The whole listing below must be printed again exactly, images excluded.
[[ INFORMATION SHOWN open ]]
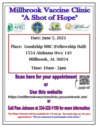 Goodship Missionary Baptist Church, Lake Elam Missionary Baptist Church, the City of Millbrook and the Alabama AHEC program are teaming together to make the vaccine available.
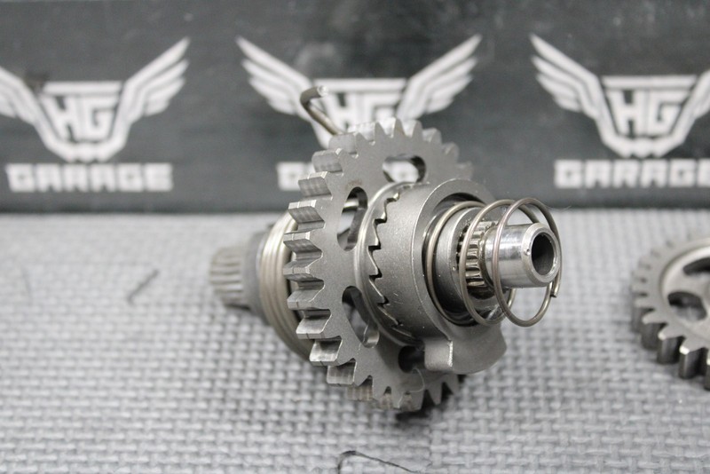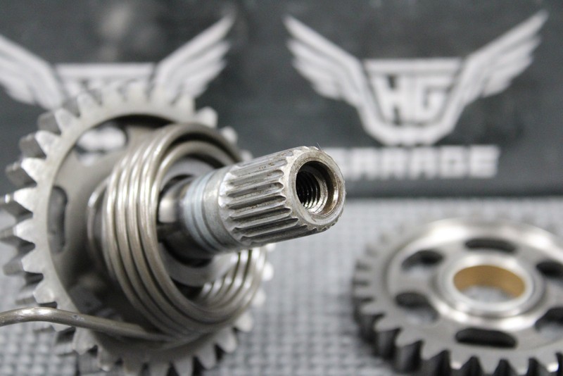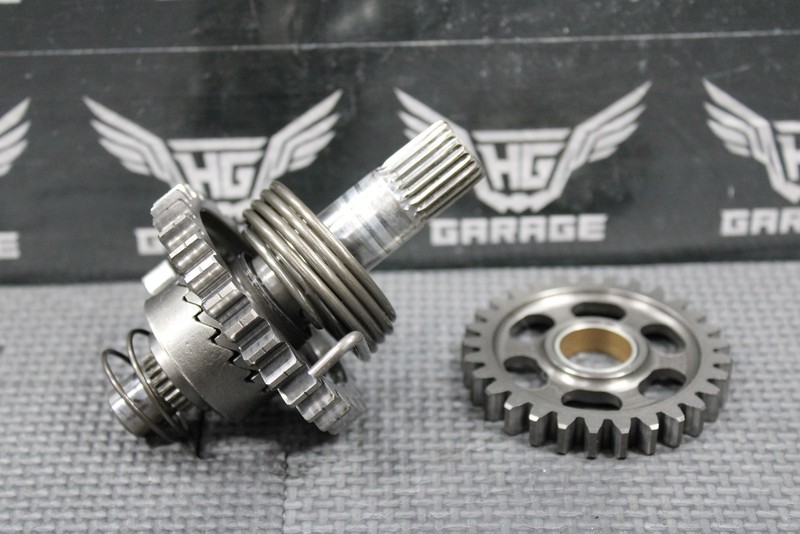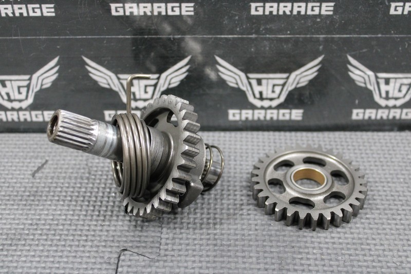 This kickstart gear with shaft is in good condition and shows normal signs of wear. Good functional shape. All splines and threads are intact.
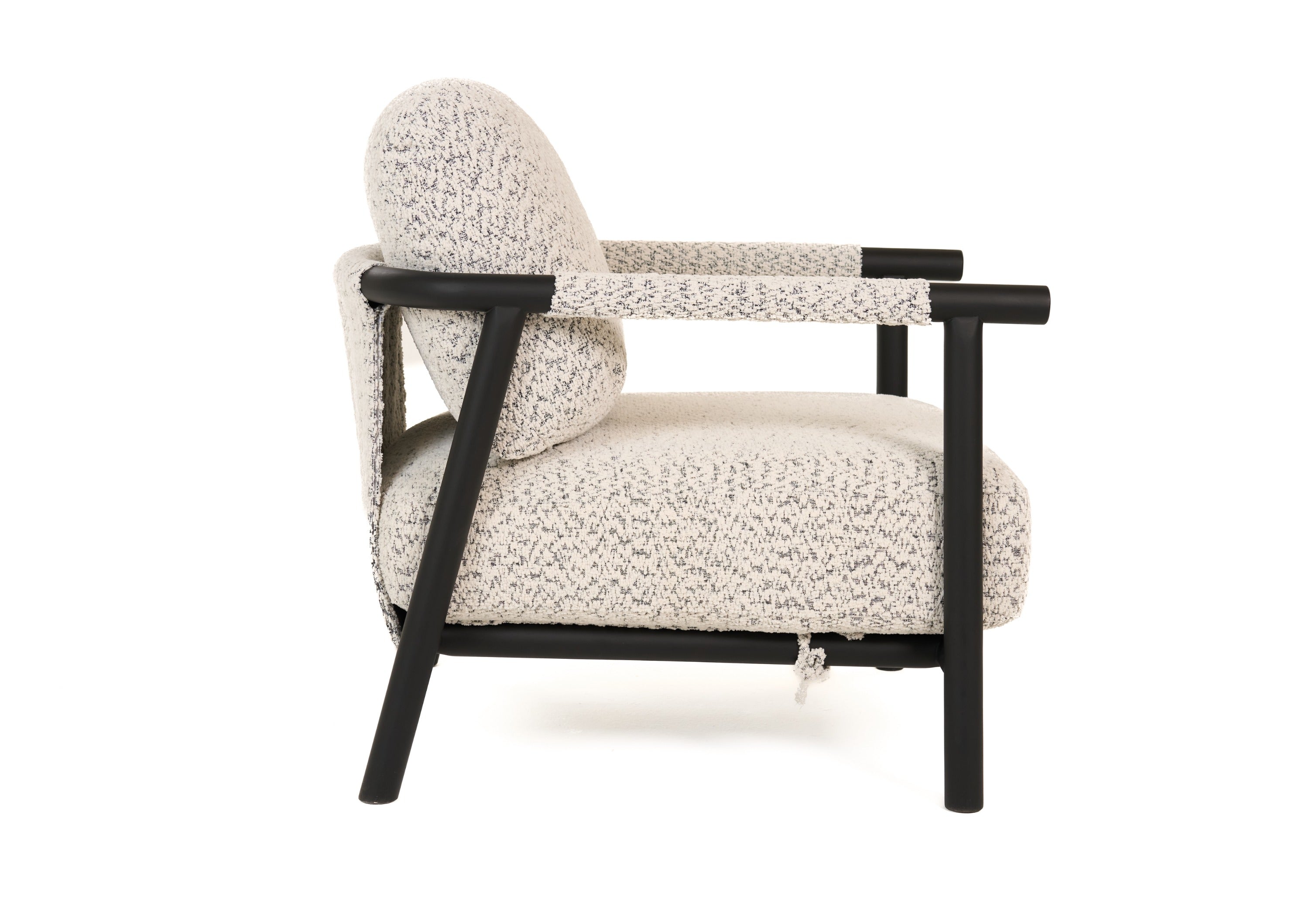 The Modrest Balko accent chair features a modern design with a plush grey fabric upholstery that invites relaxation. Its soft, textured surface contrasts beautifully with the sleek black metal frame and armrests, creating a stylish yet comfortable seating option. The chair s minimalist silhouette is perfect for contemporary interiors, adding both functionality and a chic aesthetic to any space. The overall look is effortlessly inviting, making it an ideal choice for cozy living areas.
[[ INFORMATION SHOWN closed ]]
▶ _TASK SOLUTION_
 Goodship Missionary Baptist Church, Lake Elam Missionary Baptist Church, the City of Millbrook and the Alabama AHEC program are teaming together to make the vaccine available.
 This kickstart gear with shaft is in good condition and shows normal signs of wear. Good functional shape. All splines and threads are intact.
 The Modrest Balko accent chair features a modern design with a plush grey fabric upholstery that invites relaxation. Its soft, textured surface contrasts beautifully with the sleek black metal frame and armrests, creating a stylish yet comfortable seating option. The chair s minimalist silhouette is perfect for contemporary interiors, adding both functionality and a chic aesthetic to any space. The overall look is effortlessly inviting, making it an ideal choice for cozy living areas.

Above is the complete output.